Now, say that we want to measure the momentum of the system, which involves applying the momentum **operator **on the wavefunction. The instant we make the measurement, the wavefunction collapses to one of the three basis eigenstates. If it collapses to \(| 1 \rangle\), then the value for momentum associated with the state is measured. If it collapses to \(|2\rangle\) instead, we measure a value for momentum associated with that state and the same is true if the system collapses to state \(|(6\rangle\).

Note that a superposition of states is **never actually observed**, since the system collapses to a single state at the instant that a measurement takes place. The superposition can be interpreted as the description of **potential** measurement outcomes, while the state of the system after the collapse takes place is the **actual** realized outcome. The collapse can thus be defined as the transition between the potential and the actual. However, the situation is a bit more complicated than that, since whether something is a "superposition" of states, or a "pure" state, depends on the property being measured. A state with a well-defined position will be a superposition of states with well-defined momentum, and a state with well-defined momentum will be a superposition of states with well-defined position (the fact that no state is both well-defined is related to the Heisenberg uncertainty principle).
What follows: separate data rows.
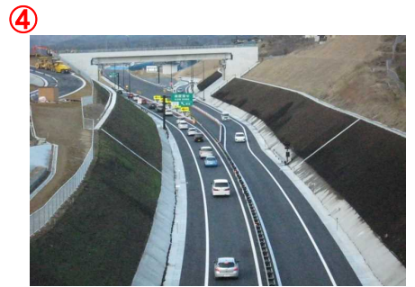
▲第2号跨道橋から本線を望む
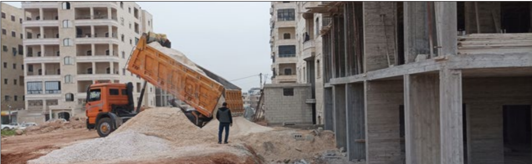
ارتفعت أسعار مواد البناء بسب زيادة الطلب عليها في الشمال السوري - 7 تم 2025
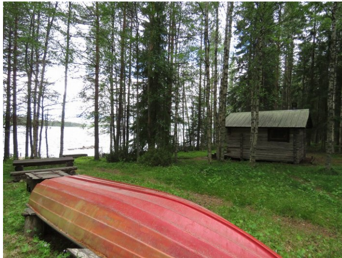
Kuva 3. Kortteli 9, rantavyöhyke kuvattu lounaaseen. Itäosa rakennettu ja tasoitettu, länsiosassa loiva kivinen rinne, tuoreehko kangas.
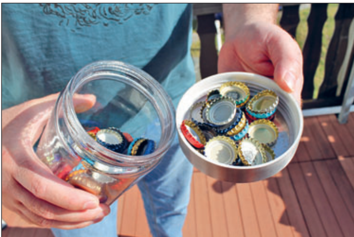
Nur 0,2 Gramm wiegt ein Kronkorken aus Weißblech – doch die Masse macht’s. Gut zwölf Tonnen brachten 2025/26 mehr als 2.000 Euro zugunsten der Deutschen Darmkrebsvorsorge.
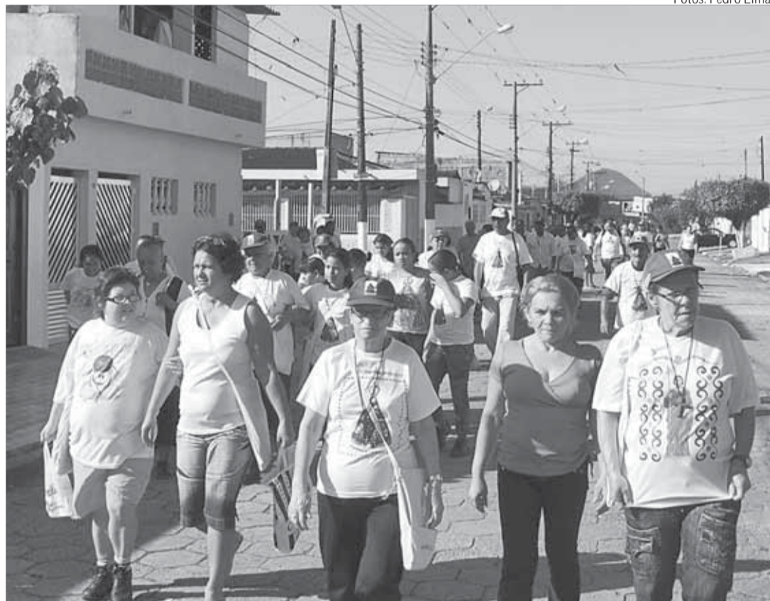
Devidamente identificados, os missionários percorrem as ruas do bairro. Abaixo: sandálias com dizeres sobre a missão: criatividade e ousadia.
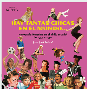
Hay tantas chicas en el mundo JUANJO ANDANÍ
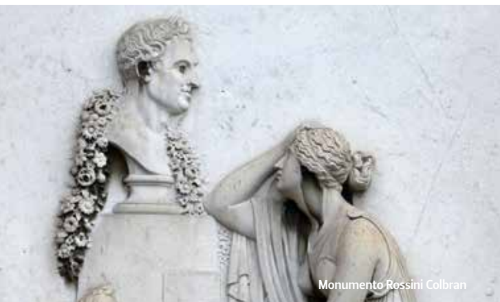
Monumento Rossini Colbran
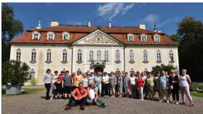
Uczestnicy wycieczki przed pałacem Radziwiłłów w Nieborowie
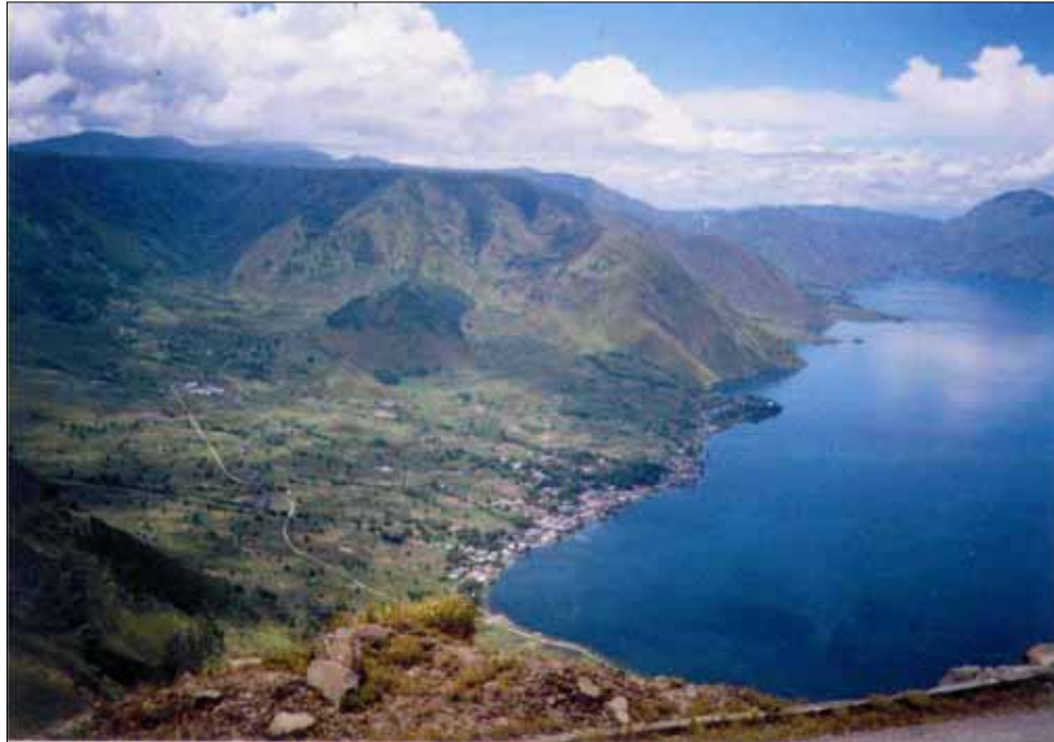
Photo-1. Pemandangan Indah kearah Desa Silalahi dan Danau Toba serta Perbukitan disekitarnya dari Dolok Simaddar.

Tidak jauh dari lokasi Lae Pandom wisatawan dapat mengunjungi Dolok Simaddar, dimana dari lokasi ini Danau Toba terlihat lebih jelas dan termasuk hutan yang disebelahnya, suatu pemandangan panorama yang sangat indah.
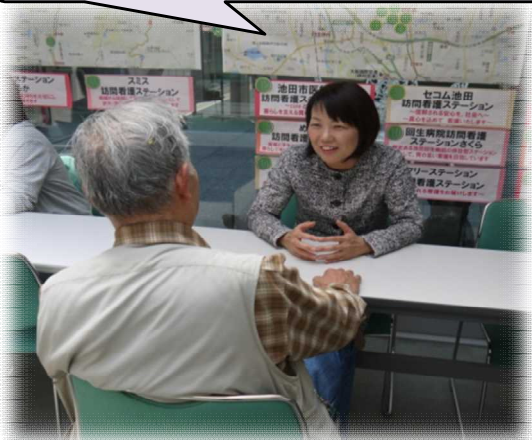
写真：めぐみ訪問看護ステーション 管理者
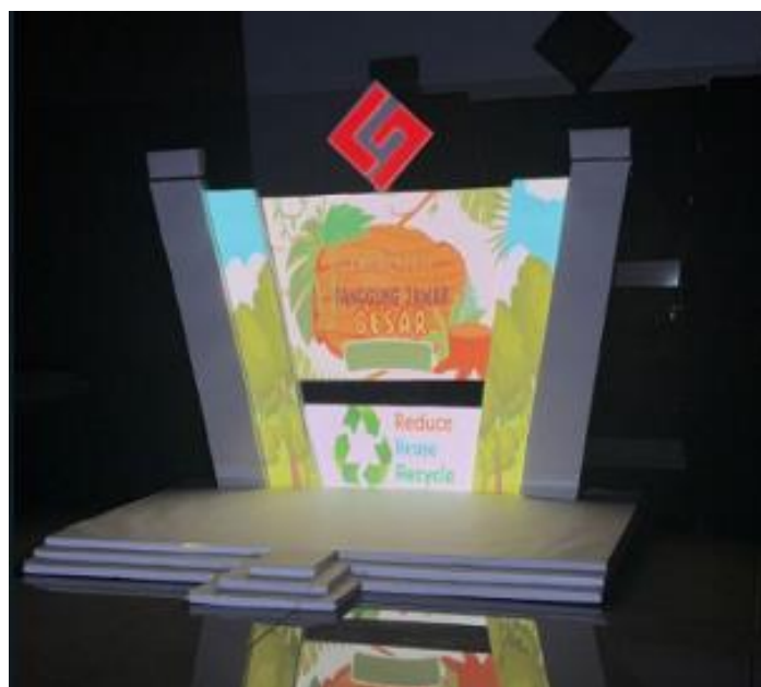
Gambar 4. Hasil di Aplikasi Resolume Arena dan Mapping di Panggung

Gambar 3 menunjukkan proses pengaturan video mapping pada miniatur panggung untuk mengevaluasi akurasi pemetaan visual, kualitas proyeksi, dan kesesuaian tampilan konten sebelum implementasi pada panggung sebenarnya.
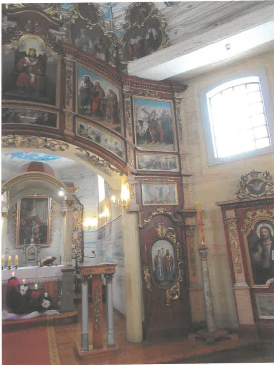
Ikonoostas w Michniowcu, Prawa strona- widoczne braki w ornamentach złożonych, , złączenia wykonane szlagmatalem.
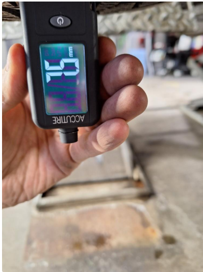
3.1 Øvrig opplysninger
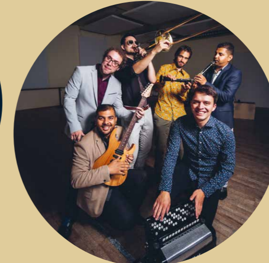
21.30–22.30 Uhr Sebass, die Band, bei der das Tanzbein zu Balkan und Romani Music geschwungen wird: www.sebass.ch
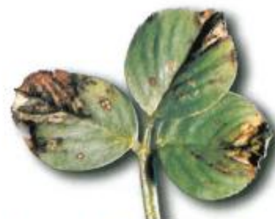
Symptômes foliaires du pepper-spot. Photo Luzerne référence
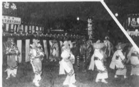
伝統を守ります「協和浮立」

きて八月十二日から本県を訪れていたもので、この日は、午前中から町役場などで町関係者をはじめ町身障者代表や児童合唱団などと交流を深めるとともに、さらに友好の輪を広げました。
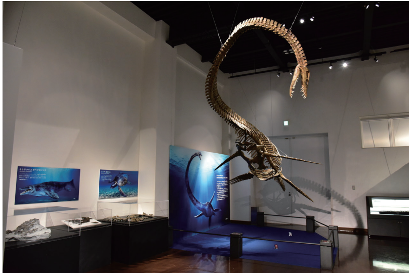
首長竜ホバツアラキリュウ全身復元骨格など

みふねまち きょうりゅう 御船町恐竜博物館の春期 特別展「太古の海の王者たち」 ( https://mifunemuseum.jp/2026/02/27/pmg/ )」で当館の首長竜ホバツアラキリュウ全身復元骨格(貸し出し用レプリカ)やモササウルス類などが展示されています。6月28日までご覧になることができます。
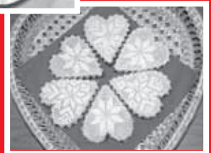
Vítazné medovníčky - najvoňavejšie, najchutnejšie, najkrajšie!
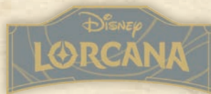
Spilla con logo Disney Lorcana
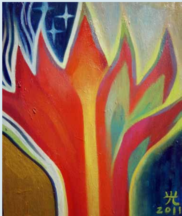
《塞浦路斯島的真火》油畫 38cm x 46cm
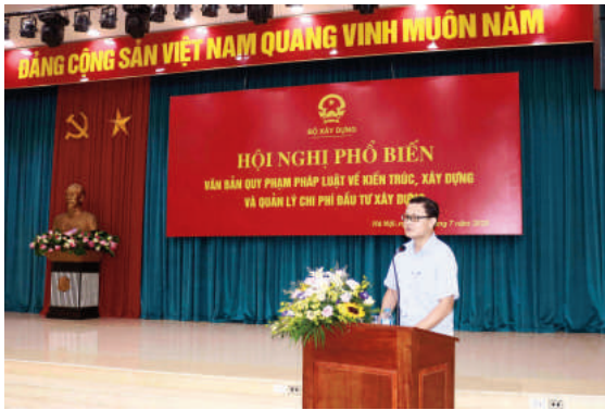
Phó Vụ trưởng Vụ Quy hoạch - Kiến trúc Hồ Chí Minh trình bày tham luận tại Hội nghị

Cụ thể, về quản lý kiến trúc: Luật Kiến trúc bổ sung (luật hóa) quy định, yêu cầu về bản sắc văn hóa dân tộc trong kiến trúc nhằm cụ thể hóa các chủ trương, đường lối chính sách của Đảng và Nhà nước về phát triển nền văn hóa Việt Nam tiên tiến, đậm đà bản sắc văn hóa dân tộc, trong đó có lĩnh vực kiến trúc. Trong đó, bổ sung một điều riêng về bản sắc văn hóa dân tộc trong kiến trúc bao gồm các đặc điểm, tính chất tiêu biểu và đặc trưng tạo nên một phong cách riêng của kiến trúc Việt Nam về điều kiện tự nhiên, kinh tế - xã hội, văn hóa nghệ thuật; phong tục tập quán sinh hoạt của địa phương; phương pháp kỹ thuật xây dựng và sử dụng vật liệu xây dựng. Đồng thời, quy định các địa phương có trách nhiệm cụ thể hóa các giá trị bản sắc văn hóa dân tộc trong Quy chế quản lý kiến trúc để bảo đảm khả thi, phù hợp với từng vùng, miền, địa phương do mình quản lý; bổ sung quy định về bảo tồn, phát huy giá trị bản sắc văn hóa dân tộc vào các nội dung có liên quan trong dự thảo Luật như nguyên tắc hoạt động kiến trúc, yêu cầu quản lý kiến trúc.

Example \(\PageIndex{2}\): Schrödinger's Cat

A cat, a flask of poison, and a radioactive source are placed in a sealed box. If an internal monitor detects radioactivity (i.e., a single atom decaying), the flask is shattered, releasing the poison that kills the cat. The Copenhagen interpretation of quantum mechanics implies that after a while, the cat is simultaneously alive and dead. Yet, when one looks in the box, one sees the cat either alive or dead, not both alive and dead. This poses the question of when exactly quantum superposition ends and reality collapses into one possibility or the other.

**Figure \(\PageIndex{1}\)**: Schrödinger's cat. Image used with permission from Wikipedia.

Schrödinger's cat poses the question, "when does a quantum system stop existing as a superposition of states and become one or the other?" (More technically, when does the actual quantum state stop being a linear combination of states, each of which resembles different classical states, and instead begin to have a unique classical description?)